A- Neurons are stained as a whole; b- only the bodies of neurons are painted; V- painted

only processes of neurons

Main functions each layer is also different. Layers I and II carry out connections between neurons of different layers of the cortex. Callosal and associative fibers mainly come from the pyramids of layer III and come to layer II. The main afferent fibers entering the cortex from the thalamus terminate on layer IV neurons. Layer V is mainly associated with the system of descending projection fibers. The axons of the pyramids of this layer form the main efferent pathways of the cerebral cortex.

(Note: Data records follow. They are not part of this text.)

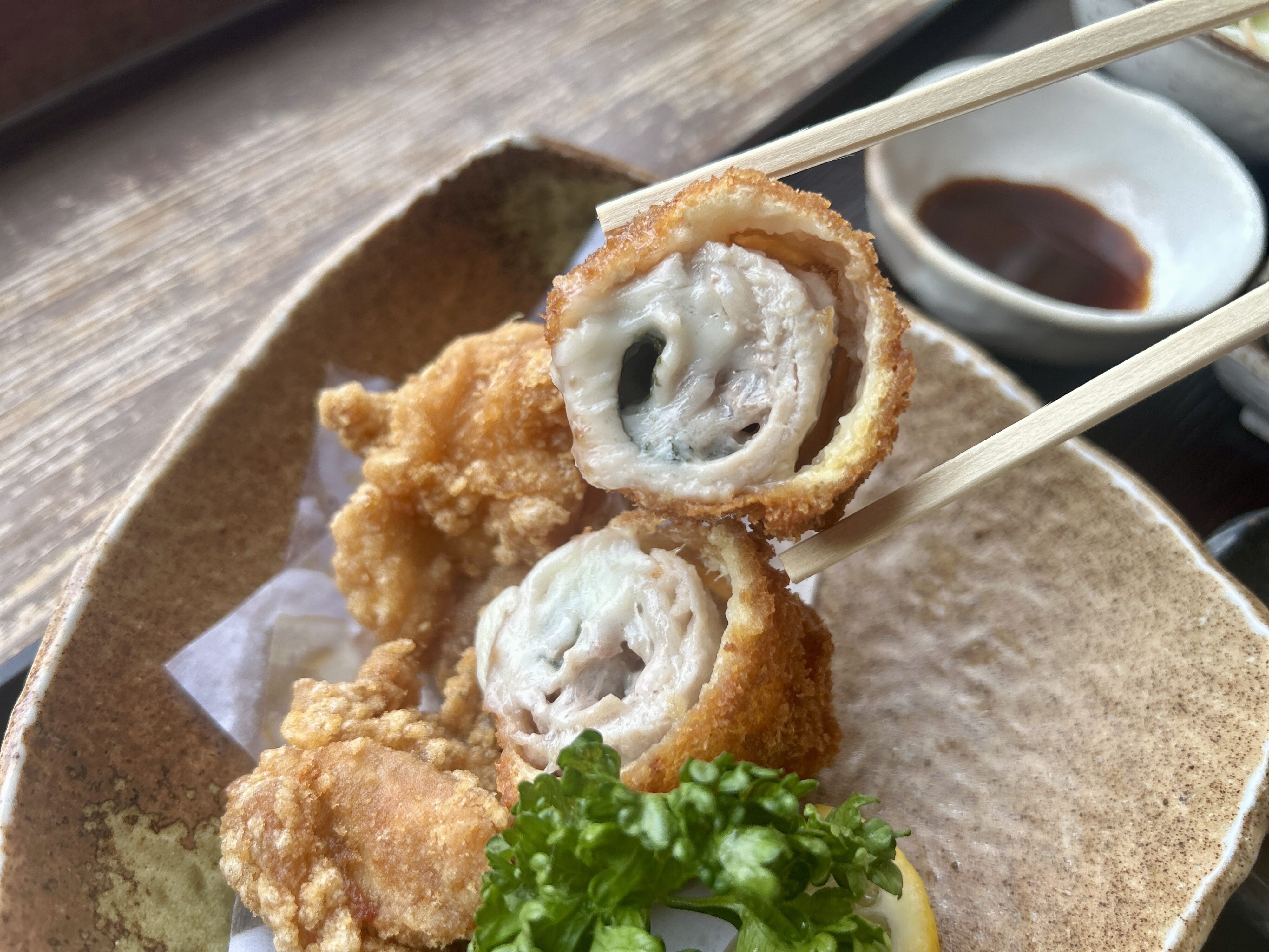 ロース巻きカツは衣がカリッと香ばしく、中からはチーズがとろっととろけ出します。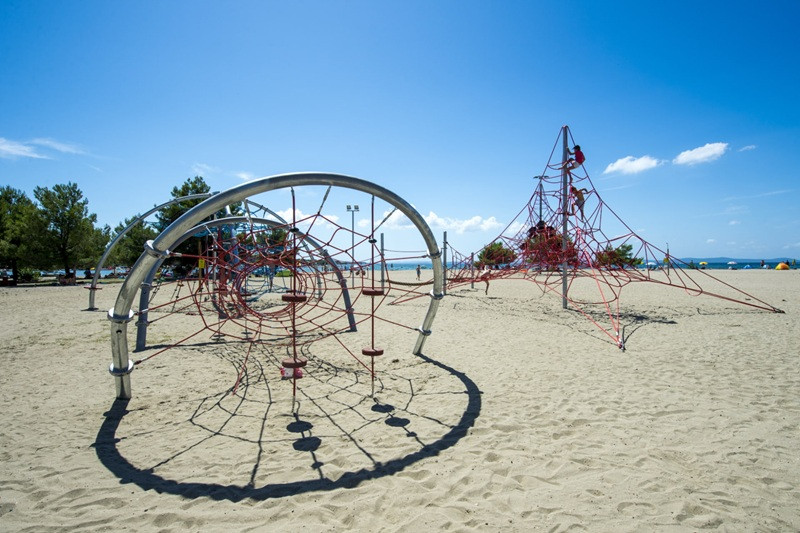 Sport a zábava: za poplatek tenisové kurty, tenisová škola, plážový volejbal, cyklostezky (půjčovna kol), venkovní fitness, bowling, minigolf, basketbalové hřiště, fotbal, házená, adventure golf, šlapadla, skútry, motorové čluny, vodní lyžování (škola vodního lyžování a potápění), kotviště pro lodě, motorové čluny a malé jachty.
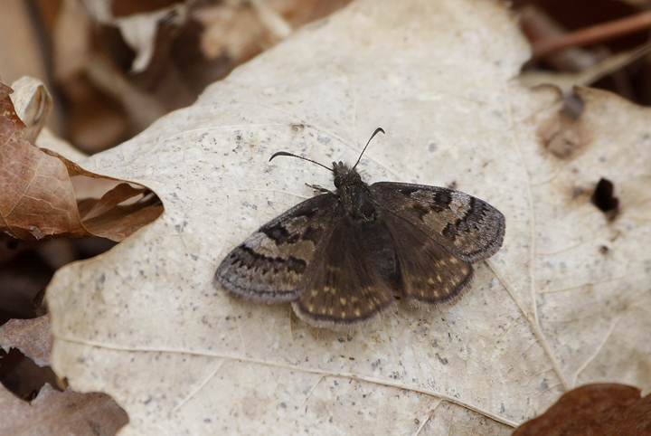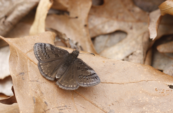 Below two: Two Dreamy/Sleepy Duskywings in Allegany Co., Maryland (4/19/2008). This is one of the tougher butterfly IDs. The lack of glassy white forewing spots rules out Juvenal's, Horace's, and Wild Indigo, but separating Dreamy and Sleepy is a real challenge. The verdict is that the first individual is a female Sleepy Duskywing and that the second is probably a Dreamy Duskywing. Thanks to Dick Smith and Bob Ringler for helping me appreciate the difficulty of distinguishing the two species.

In most cortical fields, all six layers are equally well expressed. Such a bark is called homotypic. However, in some fields, the severity of the layers may change during development. This bark is called heterotypic. It is of two types:

granular (zeros 3, 17, 41; Fig. 9.9), in which the number of neurons in the outer (II) and especially in the inner (IV) granular layers is greatly increased, as a result of which the IV layer is divided into three sublayers. Such a cortex is characteristic of primary sensory areas (see below);

Agranular (fields 4 and 6, or motor and premotor cortex; Fig. 9.9), in which, on the contrary, there is a very narrow II layer and practically no IV, but very wide pyramidal layers, especially the inner one (V).